Lost World Reptiles is situated in Teynham nr Sittingbourne Kent.

Heard about this place through the forum so I thought I'd have a look.

All I can say is,this is about as good as it gets.!!!

I have been to the usual pet shops and the reptile/aquarium centres and some of them are quite good but this place is something else.

The place itself is spotless,the vivs are spotless,the selection of animals is,from my experience,the best I've seen,and all the equipment to help us look after our loved ones is here.
John,the person I spoke to,is about the friendliest person I have met for a long time,full of imformation and a willingness to stand and talk to someone for ages to help with any problems they may have.

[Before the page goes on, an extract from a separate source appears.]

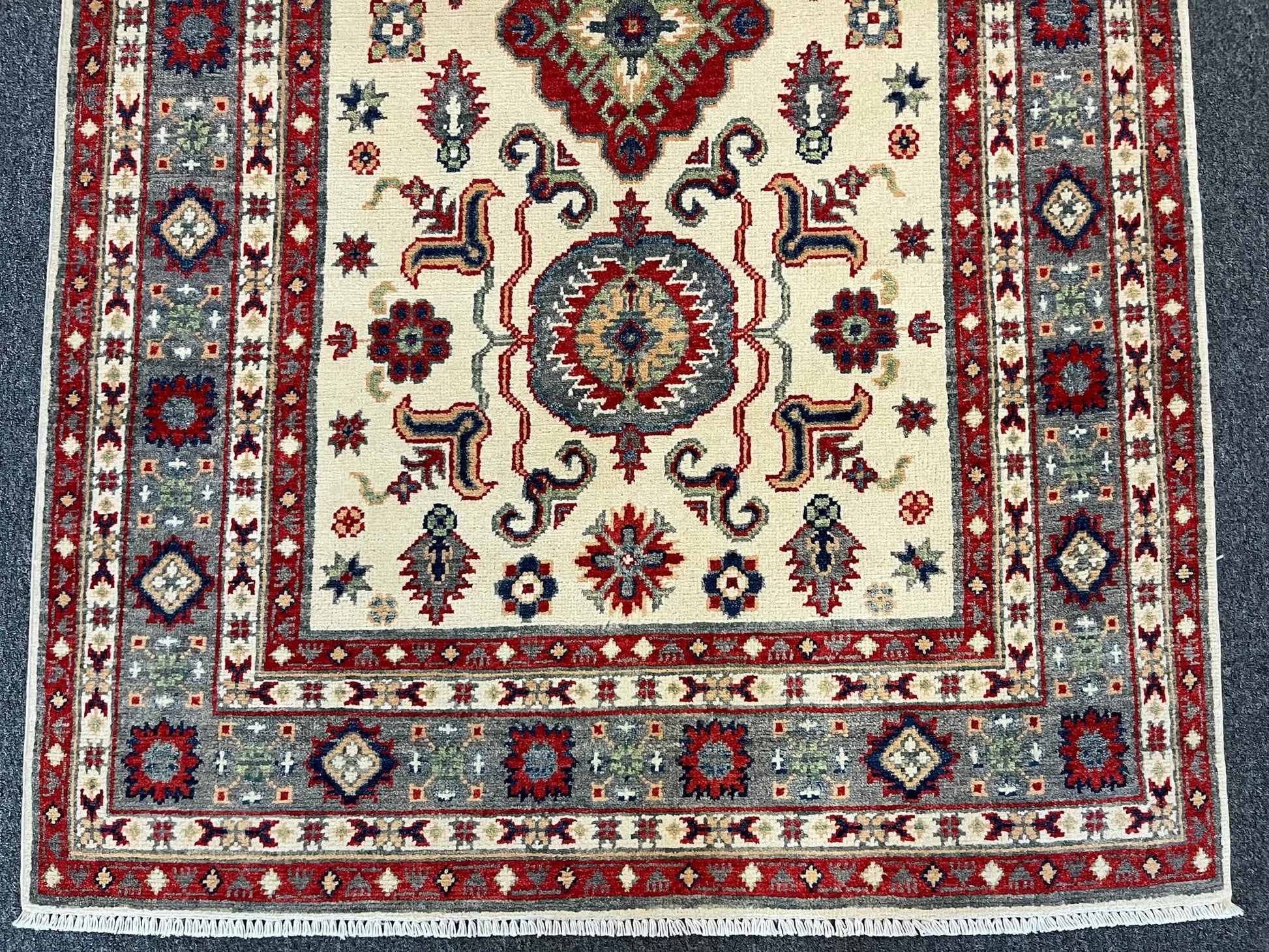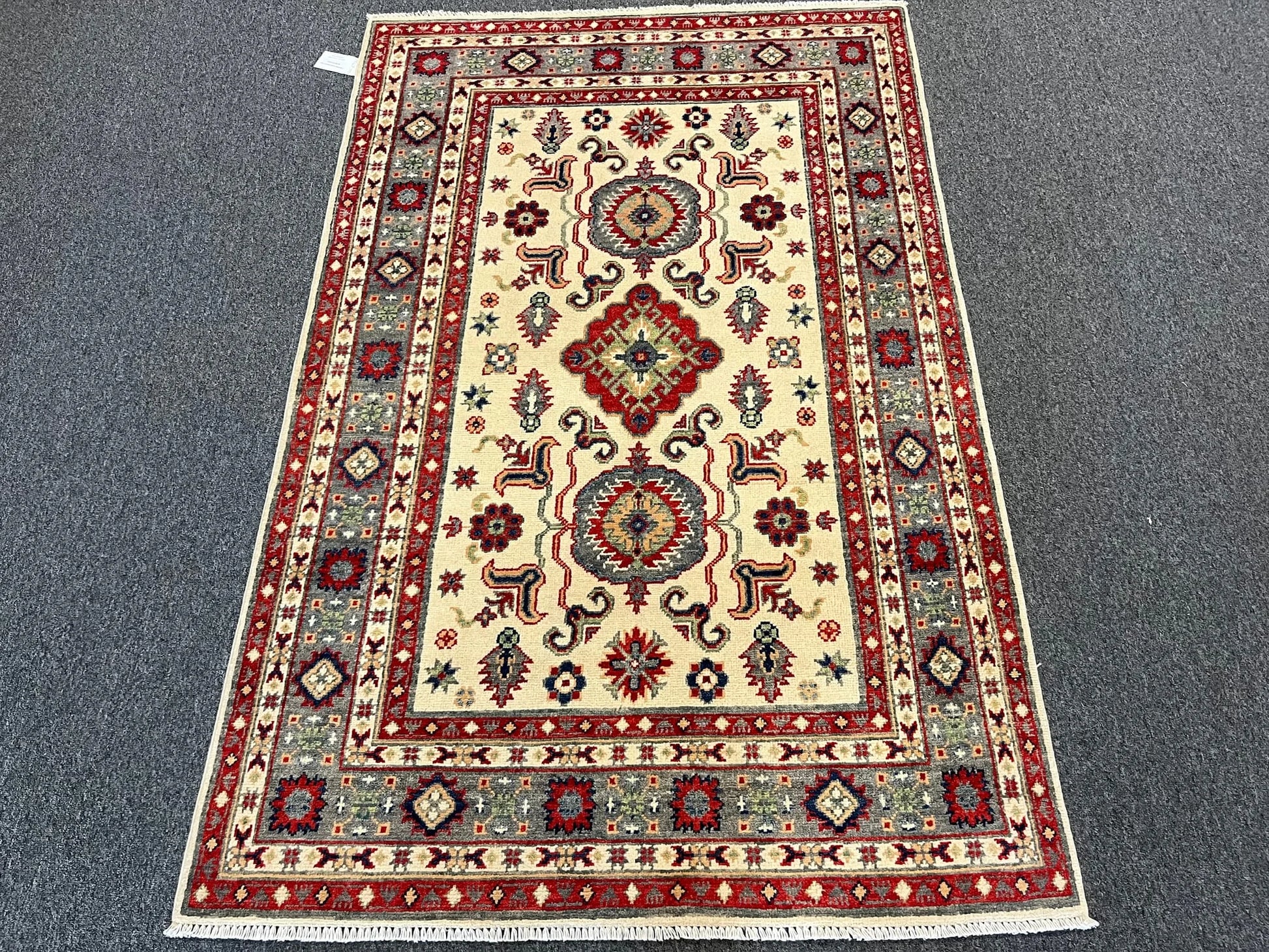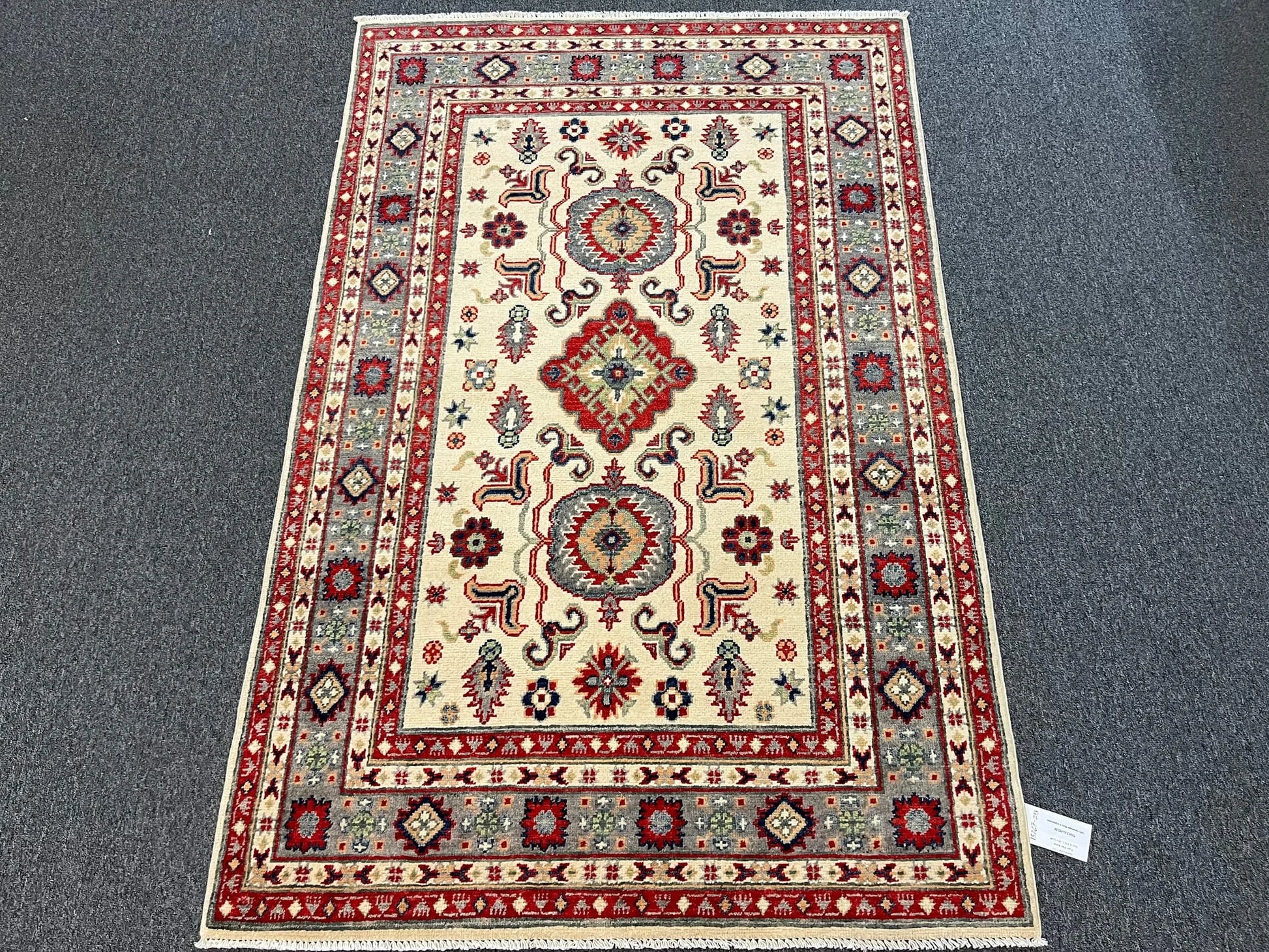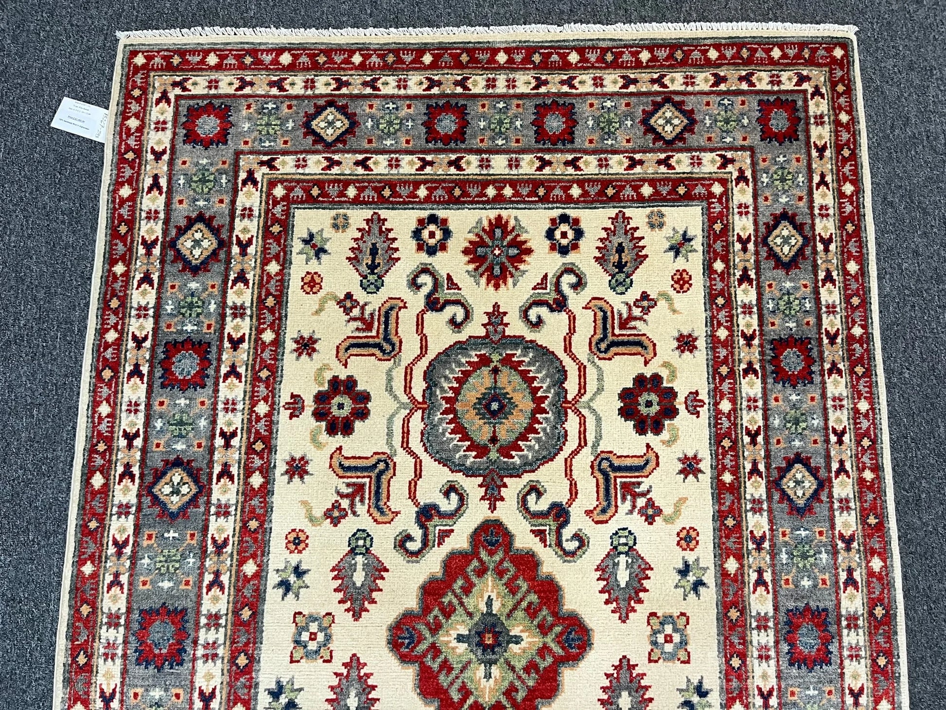 Kazak Beige Geometric 4X6 Handmade Wool Rug # 13267

A person who has a genuine love of animals not just the money he gets from selling them!

This man has won me over and will be seeing a lot more of me from now on.At last,a dealer that really cares about his customers AND the welfare of the animals that he sells.

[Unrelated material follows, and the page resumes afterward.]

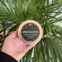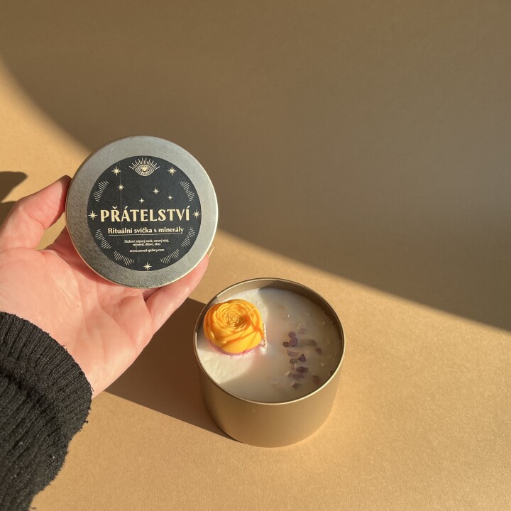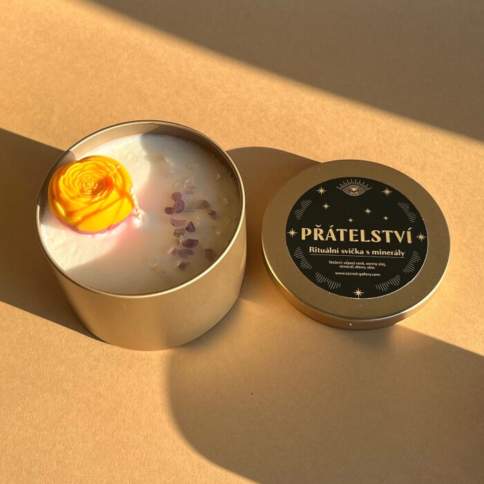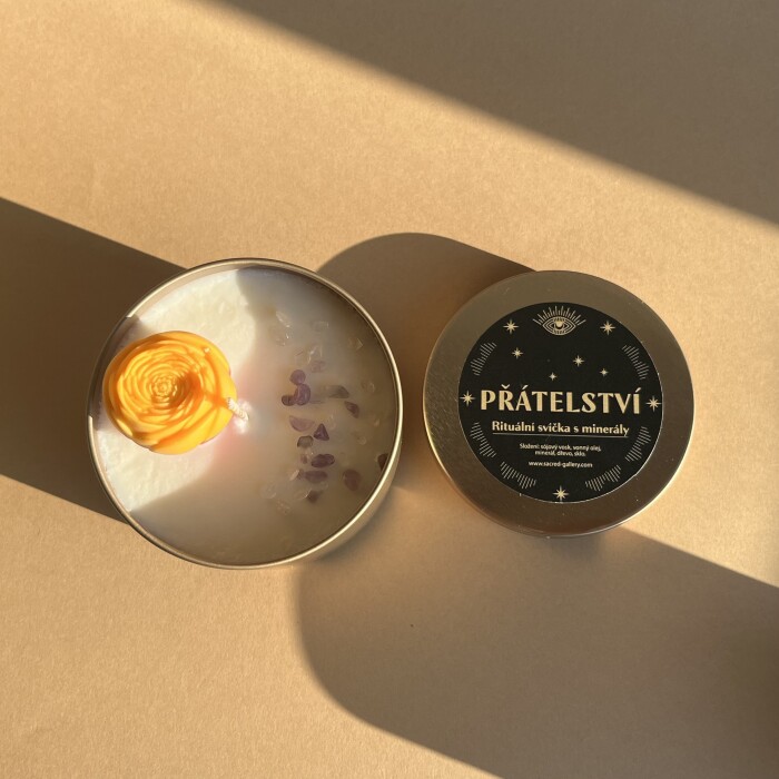 Vonná svíčka ze sójového vosku s krystalovým pískem a voskovou kytičkou - Přátelství

Thanks for the great experience John.


----------



## Dextersdad (Mar 28, 2008)

pegleg said:


> Lost World Reptiles is situated in Teynham nr Sittingbourne Kent.
> 
> Heard about this place through the forum so I thought I'd have a look.
> 
> ...


Well said.:2thumb::no1:

Even though we've now moved over 90 miles away we still use them.

Say Pete from the Forum says hello when you see John, Russ or Karl if he's there. He'll know what you mean (we are addicted to the place).

John cares so much for the creatures and is a very helpful chap.


----------



## pegleg (Sep 16, 2008)

Dextersdad said:


> Well said.:2thumb::no1:
> 
> Even though we've now moved over 90 miles away we still use them.
> 
> ...


It will be a pleasure,Pete.

I quite understand how you feel,this bloke left me feeling like I wanted him as my new best friend,don't think I will ever look at another shop again.

Richard


----------